Причём сработало правило «испорченного телефона». Уверяли, будто патриарх умер не сам – «помогли» чекисты. Вывезя его втайне в свою резиденцию, они то ли забили его ночью до смерти, то ли после чудовищных пыток поставили к стенке.
И повторилось всё то же самое, что некогда в Верхнеуральске. Известие о гибели Тихона, как ранее, о смерти бывшей императрицы Александры Фёдоровны на мужнем гробе, стало своеобразным детонатором. Город в одночасье взорвался. Обезумевшее от голода население в полдень пошло напролом, невзирая на пули и штыки.
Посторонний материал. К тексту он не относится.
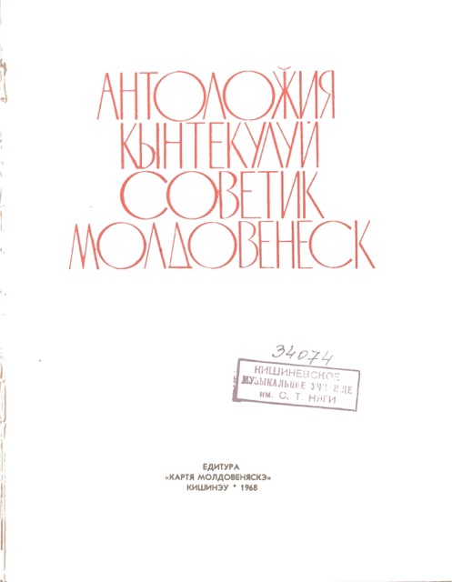 Антолоӂия кынтекулуй советик молдовенеск/Антология молдавской советской песни.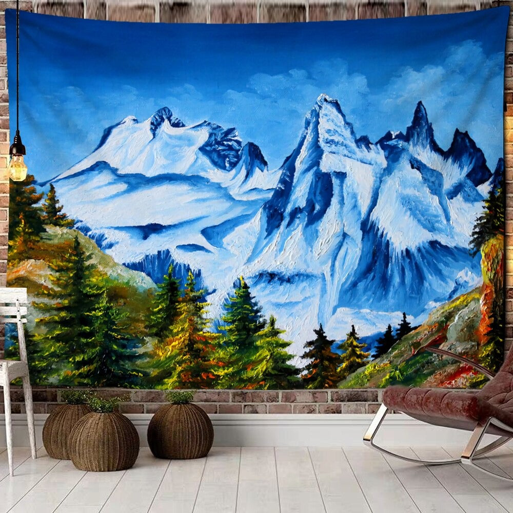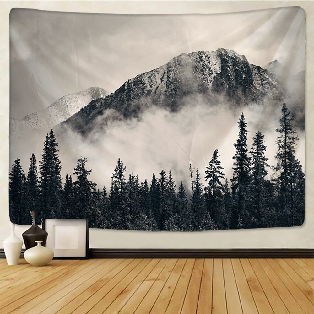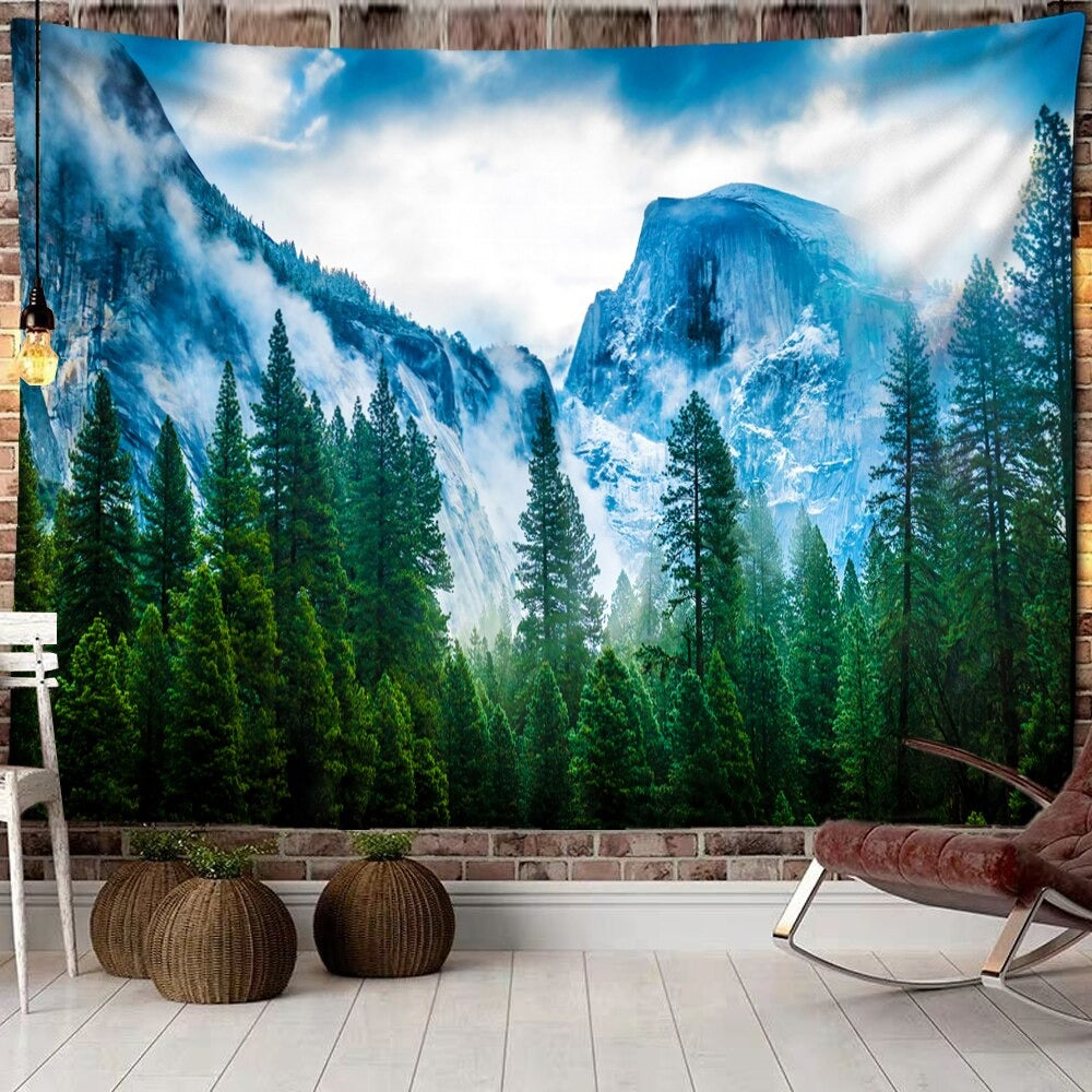 Mountains Forest Tapestry Wall Hanging Tapis Cloth has exquisite colors and clean finishing, making it a fantastic focal point for any room. These high-quality tapestries are intended to add a fashionable touch to your living room, hallway, or bedroom.

Терять им было нечего – так и так смерть в любом случае неминуема, либо от голода, либо от пули, и последняя представлялась не в пример гуманнее из-за её быстроты. Словом, гигантская разъяренная толпа устремилась на Гороховую, где располагалась главная штаб-квартира ВЧК. Вели их люди из Особого корпуса Слащёва. Нашлось у атакующих и оружие.
Охрана штаб-квартиры чекистов была поставлена на совесть. Разумеется, никаких русских – исключительно латыши, готовые выполнить любой приказ своих хозяев, каким бы бесчеловечным он ни был.
Но люди шли не побеждать – умирать. Об отступлении не было и мысли. Пусть стреляют – неважно. И даже будучи тяжело ранеными, они продолжали рваться вперед, не думая о себе и охваченные единственным всепоглощающим желанием – захватить с собой в могилу хотя бы одного врага. Это столь ясно было написано на их лицах, что дрогнула даже «преторианская гвардия» большевиков. Для прагматичных латышей такое было совершенно непонятным, а люди не любят загадок. Особенно таящих в себе смертельную опасность.
А уж когда восставшим удалось ворваться внутрь и они, добравшись до пыточных камер, увидели, что палачи учиняли с несчастными жертвами… Особенно жуткое впечатление производило некое помещение, где люди были подвешены за рёбра на крюках. Как скот на бойне. Причём некоторые оставались ещё живы.
Словом, толпу от расправы было не удержать. Да никто и не пытался. Впоследствии отряды добровольцев, наводившие порядок и убиравшие покойников, не смогли найти ни одного целого трупа из числа чекистов – всех, кто заблаговременно не успел скрыться, попросту порвали на мелкие клочки.
Так что тела главных палачей, прославившихся своей жестокостью – Вячеслава Александровича, Моисея Урицкого, Мартына Лациса, Иосифа Шейкмана-Стодолина и прочих найти не удалось. В числе прочих рядовых сотрудников погиб и Исаак Бабель, в ту пору также служивший в Петроградской ЧК.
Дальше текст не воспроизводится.